▶ TASK PROMPT: Nothing but an exact reproduction of the records, pictures excluded, should be returned.

▶ RECORDS TO PROCESS:
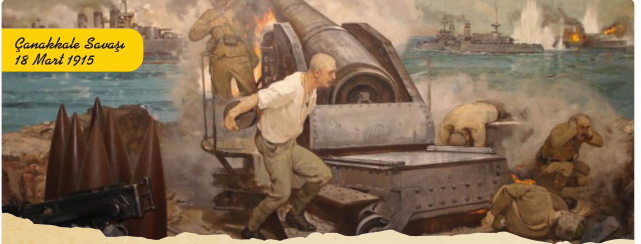
Çanakkale Savaşı 18 Mart 1915

Türk askerinin kahramanca mücadelesine sahne olan Çanakkale Savaşlarında 250.000 civarında Türk askeri şehit oldu. Bu ölen gençlerin çoğu yükseköğretim gören gençlerdi.
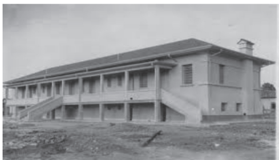
Figura 9 - Prédio administrativo na década de 1930. Fonte: http://www.jacareitempoememoria.com.br . Acesso em: 22 de setembro de 2016.
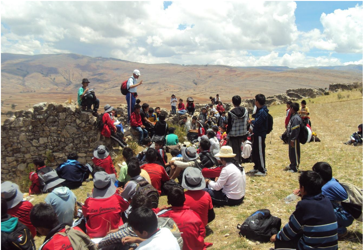
Descripción: Actitud docente. Proactivo
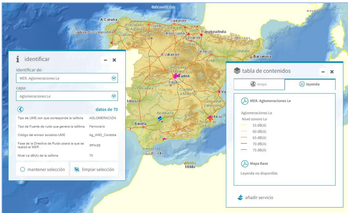
Imagen general del servicio. Aglomeraciones. Le
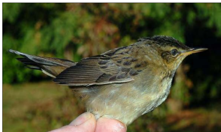
40. Locustelle de Pallas Locustella certhiola , Lot-et- Garonne, octobre 2008 (RN Étang de la Mazière). Pallas's Grasshopper Warbler.
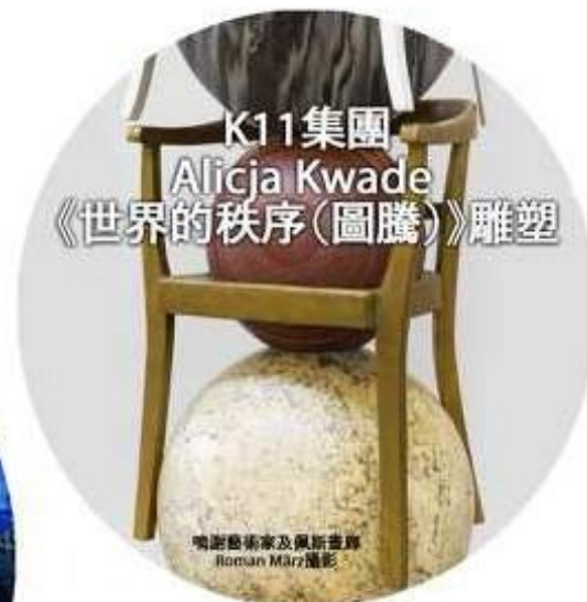
K11 MUSEA 海濱長廊 23.3 – 11.2024
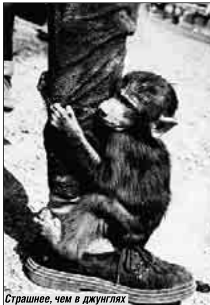
Страшнее, чем в джунглях
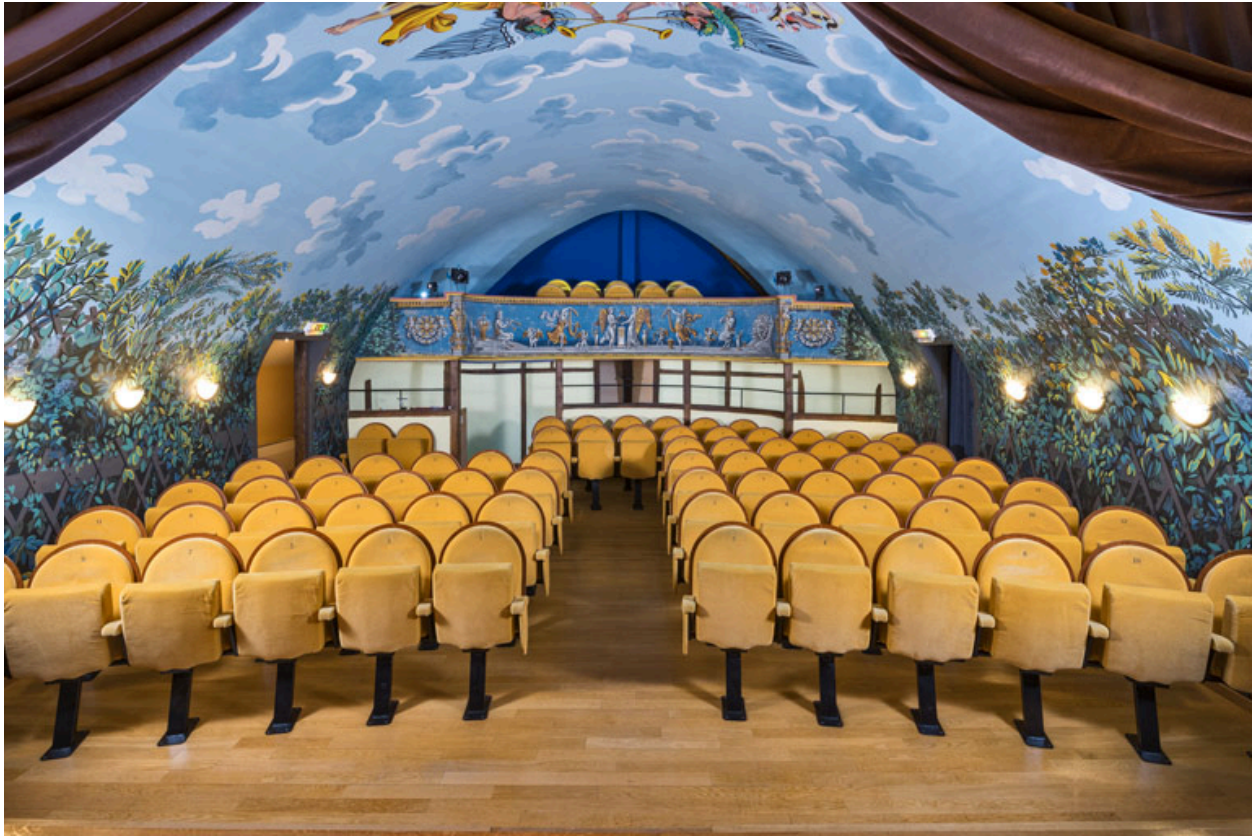
Vue vers la galerie.

▶ WRITTEN SOLUTION:
Çanakkale Savaşı 18 Mart 1915

Türk askerinin kahramanca mücadelesine sahne olan Çanakkale Savaşlarında 250.000 civarında Türk askeri şehit oldu. Bu ölen gençlerin çoğu yükseköğretim gören gençlerdi.
Figura 9 - Prédio administrativo na década de 1930. Fonte: http://www.jacareitempoememoria.com.br . Acesso em: 22 de setembro de 2016.
Descripción: Actitud docente. Proactivo
Imagen general del servicio. Aglomeraciones. Le
40. Locustelle de Pallas Locustella certhiola , Lot-et- Garonne, octobre 2008 (RN Étang de la Mazière). Pallas's Grasshopper Warbler.
K11 MUSEA 海濱長廊 23.3 – 11.2024
Страшнее, чем в джунглях
Vue vers la galerie.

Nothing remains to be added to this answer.